Other transactions such as those involving Swakop Uranium might have resulted in the country losing money through offshore selling of mining shares.
The country cannot continue to benefit shareholders in mining companies at the expense of citizens. There is an urgent need for the country to put into place a Code of Conduct for mining companies.
For example, the country should demand that all mining companies should subscribe to the Global Standard for Good Governance of Oil, Gas and Mineral Resources. The Global Standard for Good Governance of Oil, Gas and Mineral Resources is a statement of principles for transparency over payments and revenue in the extractives sector. They were agreed upon in London in 2003. When the Global Standard is adopted in a country it ensures transparency and accountability about how a country’s natural resources are governed.
This ranges from how the rights are issued to how the resources are monitored and how they benefit the citizens and the economy.
There are clear principles underpinning the Global Standard.
These include a belief that the prudent use of natural resource wealth should be an important engine for sustainable economic growth that contributes to sustainable development and poverty reduction.
The management of natural resources should benefit the country’s citizens through revenue streams. The principles further emphasise the importance of transparency by government and companies in extractive industries and the need to enhance sound public financial management and accountability.
They recognise that achievement of greater transparency must be set in the context of respect for contracts and laws. Moreover, the principles encourage high standards of transparency and accountability in public life, government operations and in business.
Though the Global Standard is a voluntary undertaking, if adopted by Government and mining companies, it will enhance trust between mining companies and the Government.
This will go a long way in mitigating against the perception that mining companies deliberately withhold tax through devious means such as under-declaration of profits or through transfer pricing.
The predominant narrative in the public is that mining companies make huge profits at the expense of the population.
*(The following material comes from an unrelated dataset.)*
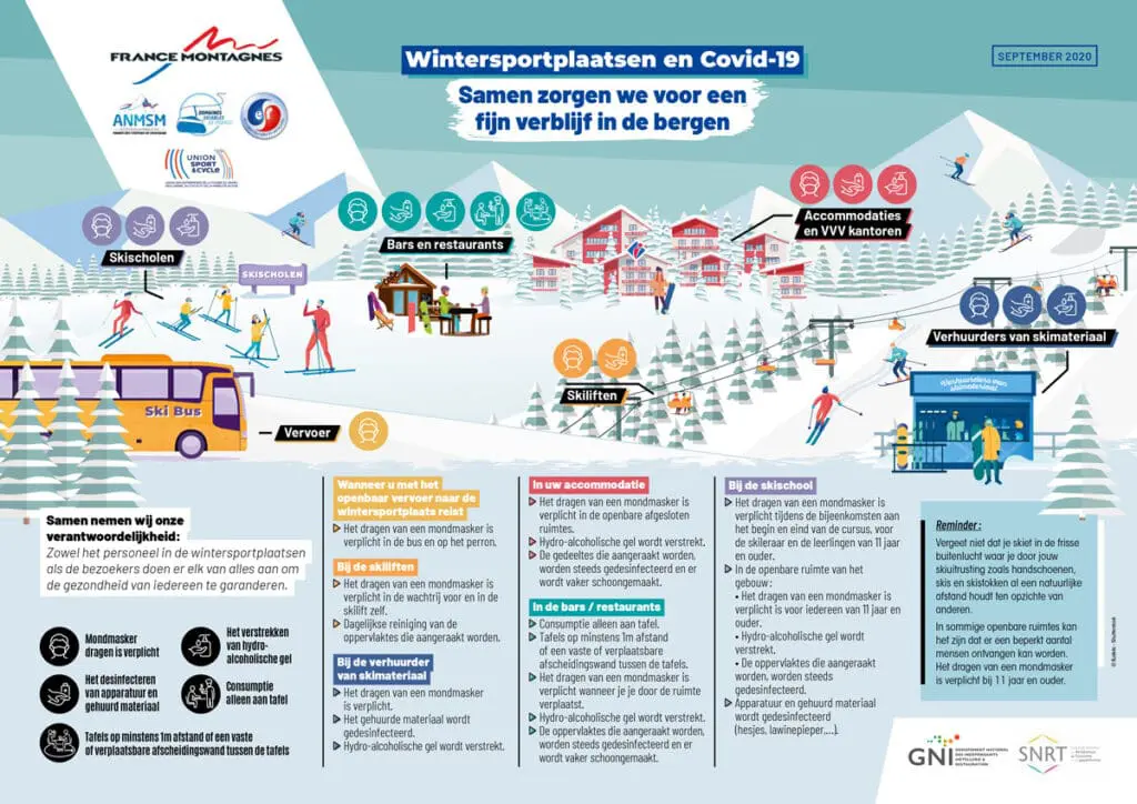 • Mond- en neusbescherming is verplicht voor iedereen vanaf 11 jaar. Onder andere in skiliften, skibussen en liftstations, in alle gesloten openbare ruimtes, in restaurants (behalve aan tafel) en bij bushaltes.

If such a perception is allowed to persist, Government may be forced to take a short-term approach and target the mining sector with high taxes as it happened a few years ago in neighbouring Zambia and in Australia. Such an action shall lead to declines in both mineral exploration and in opening- up of new mines.
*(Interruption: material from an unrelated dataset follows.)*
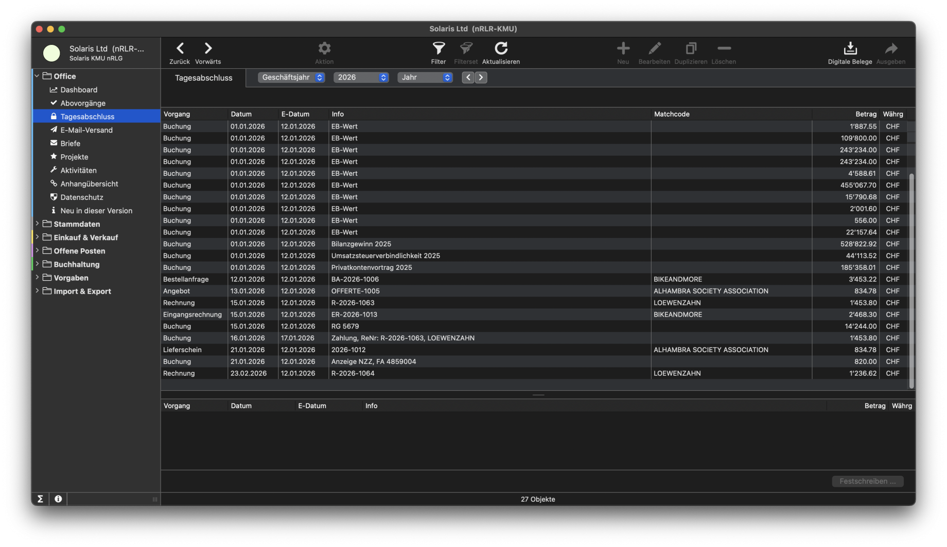 - (ab 14.2) Festschreibung in den Bereichen Einkauf, Verkauf, offene Posten und Buchungen.

The Global Standard for the Good Governance of Oil, Gas and Mineral Resources shall ensure a good relationship between the Government and mining companies as well as between management of mines and the workers.
The recent reports of Husab Mine Management attempts of undermining the workers’ rights should not be tolerated. The “win-lose scenario” in mining should be turned into a “win-win scenario” for the good of mining in Namibia.
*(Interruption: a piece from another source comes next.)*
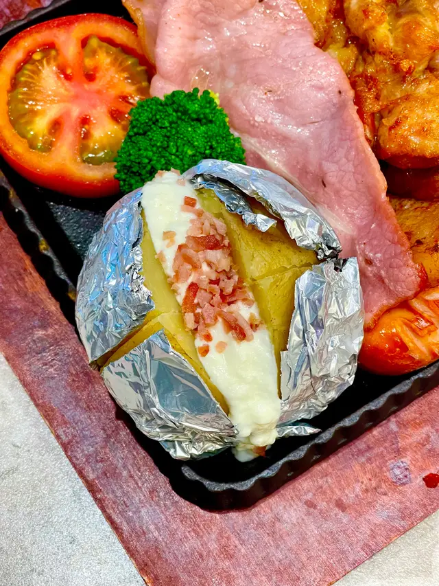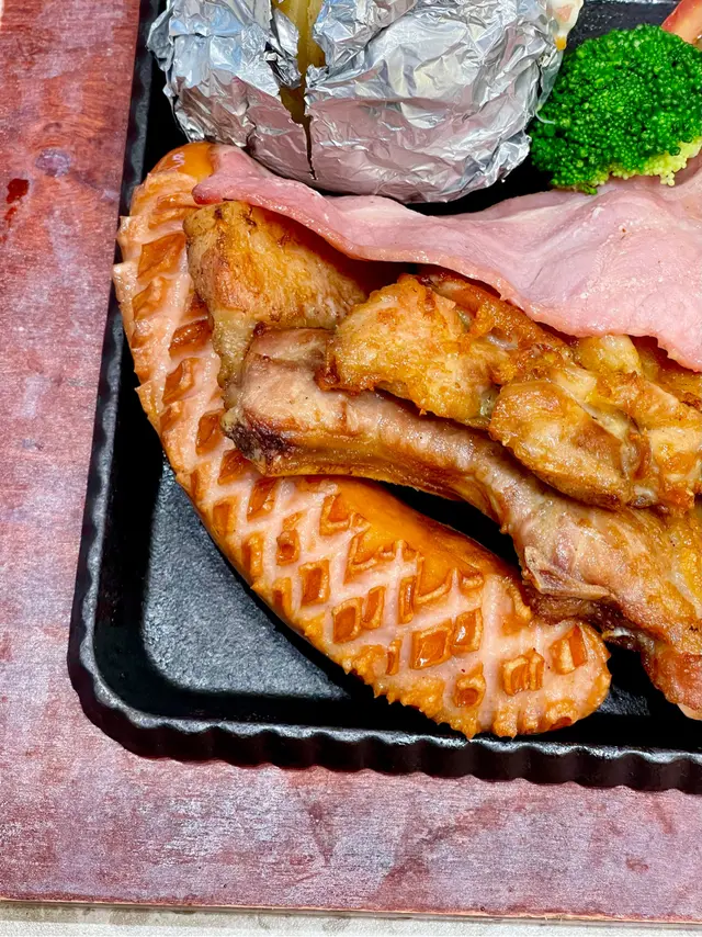 呢間新派茶記喺正AIRSIDE地鐵出口,早午下午茶晚餐有唔同菜式供應,集齊港式粉麵飯、常餐、三文治、咖喱、鐵板、小菜、炸物、小食、飲品等,老少咸宜,價格親民,地點方便,座位闊落,空間感十足,服務態度友善,經過可去。大地推介鐵板餐,四款選擇,美式雜扒包含超大條外脆內Juicy嘅腸仔、嫩滑連骨豬扒同啖啖肉嘅雞扒,另外搭配多醬連同煙肉碎嘅香滑焗薯,大滿足。唔想食焗薯都可以叫薯條,另外仲有牛架、牛扒等供應,見隔離枱叫個樣都幾吸引㗎。晚市套餐提供各式各樣小炒,個人最鍾意馬拉盞蝦乾肉碎通菜煲,勝在無渣且入味,鹹香味十足,配飯一流。XO醬西蘭花炒鳳尾蝦就偏清淡,菜咬落爽口,蝦嫩又鮮、菠蘿咕嚕肉酸甜度適中,外層唔算好後,配上菠蘿更開胃。Read More

For this to happen, Namibia should become a member of the Extractive Industries Transparency Initiative (EITI). About 52 countries are members EITI. In our SADC Region, Mozambique, Tanzania and Zambia are members of EITI.
When Namibia becomes a member, the country shall periodically be assessed as to how it is progressing in meeting the EITI Principles.
This will help to meaningfully determine whether mining companies are meeting their tax obligations. Both Government and mining companies will be required to disclose information along the extractive industry value chain from the point of extraction to how resources make their way through the Government and how they benefit the public.
This will strengthen public and corporate governance and promote the understanding of natural resource governance as well as create transparency and accountability in the extractive industry sector.
This will further strengthen trust and confidence in the industry, thus, ensuring a health relationship among the stakeholders. In this way mining comes a win-win undertaking.